Tim Harford in The Financial Times

I am not one of those clever people who claims to have seen the 2008 financial crisis coming, but by this time 10 years ago I could see that the fallout was going to be bad. Banking crises are always damaging, and this was a big one. The depth of the recession and the long-lasting hit to productivity came as no surprise to me. I knew it would happen.

Or did I? This is the story I tell myself, but if I am honest I do not really know. I did not keep a diary, and so must rely on my memory — which, it turns out, is not a reliable servant.

In 1972, the psychologists Baruch Fischhoff and Ruth Beyth conducted a survey in which they asked for predictions about Richard Nixon’s imminent presidential visit to China and Russia. How likely was it that Nixon and Mao Zedong would meet? What were the chances that the US would grant diplomatic recognition to China? Professors Fischhoff and Beyth wanted to know how people would later remember their forecasts. Since their subjects had taken the unusual step of writing down a specific probability for each of 15 outcomes, one might have hoped for accuracy. But no — the subjects flattered themselves hopelessly. The Fischhoff-Beyth paper was titled, “I knew it would happen”.

This is a reminder of what a difficult task we face when we try to make big-picture macroeconomic and geopolitical forecasts. To start with, the world is a complicated place, which makes predictions challenging. For many of the subjects that interest us, there is a substantial delay between the forecast and the outcome, and this delayed feedback makes it harder to learn from our successes and failures. Even worse, as Profs Fischhoff and Beyth discovered, we systematically misremember what we once believed.

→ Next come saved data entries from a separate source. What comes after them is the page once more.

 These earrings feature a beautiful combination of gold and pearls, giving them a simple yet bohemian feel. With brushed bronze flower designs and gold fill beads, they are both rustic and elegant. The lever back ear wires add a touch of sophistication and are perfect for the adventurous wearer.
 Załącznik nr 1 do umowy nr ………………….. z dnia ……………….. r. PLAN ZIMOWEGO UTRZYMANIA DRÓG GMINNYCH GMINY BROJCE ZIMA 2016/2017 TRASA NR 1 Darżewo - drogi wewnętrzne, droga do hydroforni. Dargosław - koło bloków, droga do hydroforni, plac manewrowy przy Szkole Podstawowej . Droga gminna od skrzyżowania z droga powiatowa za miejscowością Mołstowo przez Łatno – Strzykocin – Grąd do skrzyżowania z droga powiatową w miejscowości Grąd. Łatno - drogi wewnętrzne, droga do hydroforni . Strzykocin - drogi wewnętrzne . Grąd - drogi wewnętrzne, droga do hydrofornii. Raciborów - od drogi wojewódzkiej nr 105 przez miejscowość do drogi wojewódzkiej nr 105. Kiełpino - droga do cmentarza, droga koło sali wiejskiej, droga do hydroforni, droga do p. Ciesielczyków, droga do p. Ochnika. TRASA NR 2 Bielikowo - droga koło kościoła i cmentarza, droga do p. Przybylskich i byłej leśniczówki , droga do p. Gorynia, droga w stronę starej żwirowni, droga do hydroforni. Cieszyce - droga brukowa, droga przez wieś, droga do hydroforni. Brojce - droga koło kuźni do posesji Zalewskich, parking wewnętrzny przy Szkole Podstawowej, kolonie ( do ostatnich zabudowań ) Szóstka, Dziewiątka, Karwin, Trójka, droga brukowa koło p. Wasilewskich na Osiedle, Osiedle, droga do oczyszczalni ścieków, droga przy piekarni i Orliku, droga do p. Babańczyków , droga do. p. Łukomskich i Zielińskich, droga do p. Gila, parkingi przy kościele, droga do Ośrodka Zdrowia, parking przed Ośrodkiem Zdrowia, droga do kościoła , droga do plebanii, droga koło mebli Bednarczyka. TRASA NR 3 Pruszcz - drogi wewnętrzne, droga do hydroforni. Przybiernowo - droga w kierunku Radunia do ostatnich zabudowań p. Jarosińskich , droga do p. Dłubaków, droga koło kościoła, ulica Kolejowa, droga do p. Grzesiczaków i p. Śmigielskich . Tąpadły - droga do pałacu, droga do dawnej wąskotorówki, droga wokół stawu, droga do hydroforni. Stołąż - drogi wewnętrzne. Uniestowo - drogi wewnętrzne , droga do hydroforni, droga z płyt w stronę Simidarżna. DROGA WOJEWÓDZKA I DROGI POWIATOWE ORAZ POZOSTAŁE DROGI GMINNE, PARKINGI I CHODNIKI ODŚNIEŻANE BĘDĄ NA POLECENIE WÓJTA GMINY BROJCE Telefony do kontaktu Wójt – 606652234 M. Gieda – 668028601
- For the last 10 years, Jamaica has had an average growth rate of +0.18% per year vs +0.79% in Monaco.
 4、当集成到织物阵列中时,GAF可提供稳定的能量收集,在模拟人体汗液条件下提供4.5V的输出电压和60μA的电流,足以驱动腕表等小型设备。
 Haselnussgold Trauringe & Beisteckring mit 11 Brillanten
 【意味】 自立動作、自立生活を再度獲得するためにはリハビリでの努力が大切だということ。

Small wonder that forecasters turn to computers for help. We have also known for a long time — since work in the 1950s by the late psychologist Paul Meehl — that simple statistical rules often outperform expert intuition. Meehl’s initial work focused on clinical cases — for example, faced with a patient suffering chest pains, could a two or three-point checklist beat the judgment of an expert doctor? The experts did not fare well. However, Meehl’s rules, like more modern machine learning systems, require data to work. It is all very well for Amazon to forecast what impact a price drop may have on the demand for a book — and some of the most successful hedge funds use algorithmically-driven strategies — but trying to forecast the chance of Italy leaving the eurozone, or Donald Trump’s impeachment, is not as simple. Faced with an unprecedented situation, machines are no better than we are. And they may be worse.

Much of what we know about forecasting in a complex world, we know from the research of the psychologist Philip Tetlock. In the 1980s, Prof Tetlock began to build on the Fischhoff-Beyth research by soliciting specific and often long-term forecasts from a wide variety of forecasters — initially hundreds. The early results, described in Prof Tetlock’s book Expert Political Judgement, were not encouraging. Yet his idea of evaluating large numbers of forecasters over an extended period of time has blossomed, and some successful forecasters have emerged.

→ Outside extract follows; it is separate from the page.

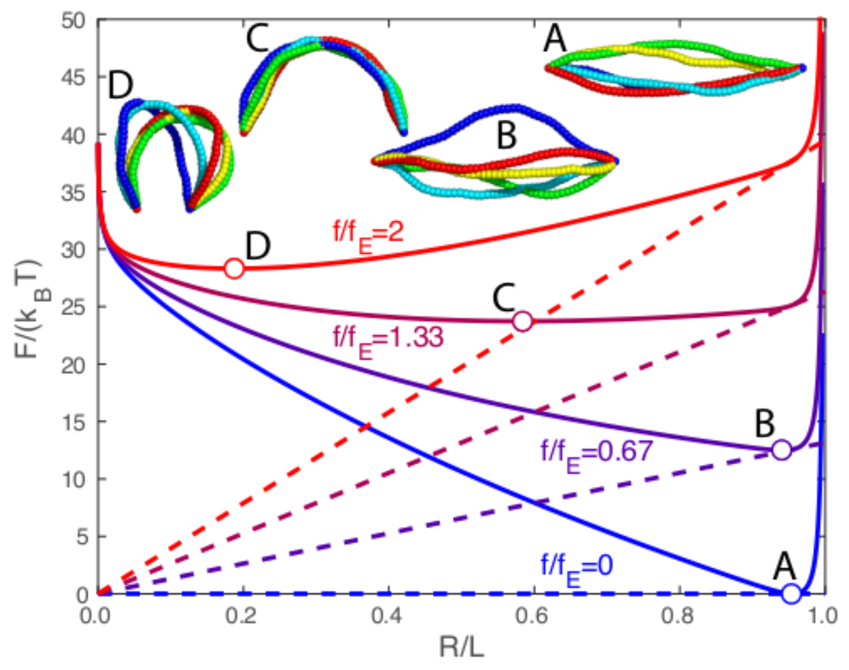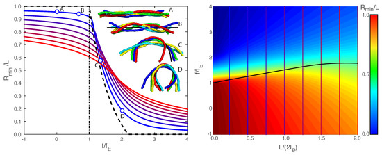 Figure 1 also provides a procedure for mapping out the minimum free-energy end extension versus the compressive force f for a fixed chain length, shown in Figure 2. The left side of Figure 2 shows versus f for chain lengths ranging from (blue curve) to (red curve). The compressive force ranges from to , where negative values correspond to a worm-like chain under tension. The dashed curve in Figure 2 shows the zero-temperature (i.e., no fluctuations) end extension [9], and the dotted vertical line gives the zero-temperature critical force . The inset images show realizations from Monte Carlo simulations at the same four force values as in Figure 1. We note that the Monte Carlo images in Figure 1 have a fixed end extension given by , whereas the Monte Carlo images in Figure 2 are from simulations with a fixed force f, and the ends undergo thermal fluctuations as dictated by the shape of the free energy curve. The large fluctuations of chain conformations seen at points C and D in Figure 2 are not surprising, given how flat the free energy curves are for C and D in Figure 1.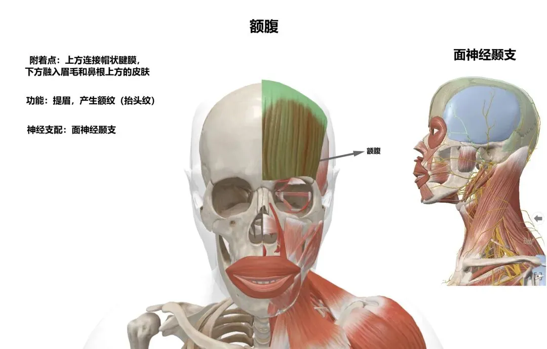· 功能:提眉,产生额纹(抬头纹),表达惊讶、恐惧等表情。

The latest step in this research is a “Hybrid Forecasting Tournament”, sponsored by the US Intelligence Advanced Research Projects Activity, designed to explore ways in which humans and machine learning systems can co-operate to produce better forecasts. We await the results. If the computers do produce some insight, it may be because they can tap into data that we could hardly have imagined using before. Satellite imaging can now track the growth of crops or the stockpiling of commodities such as oil. Computers can guess at human sentiment by analysing web searches for terms such as “job seekers allowance”, mentions of “recession” in news stories, and positive emotions in tweets.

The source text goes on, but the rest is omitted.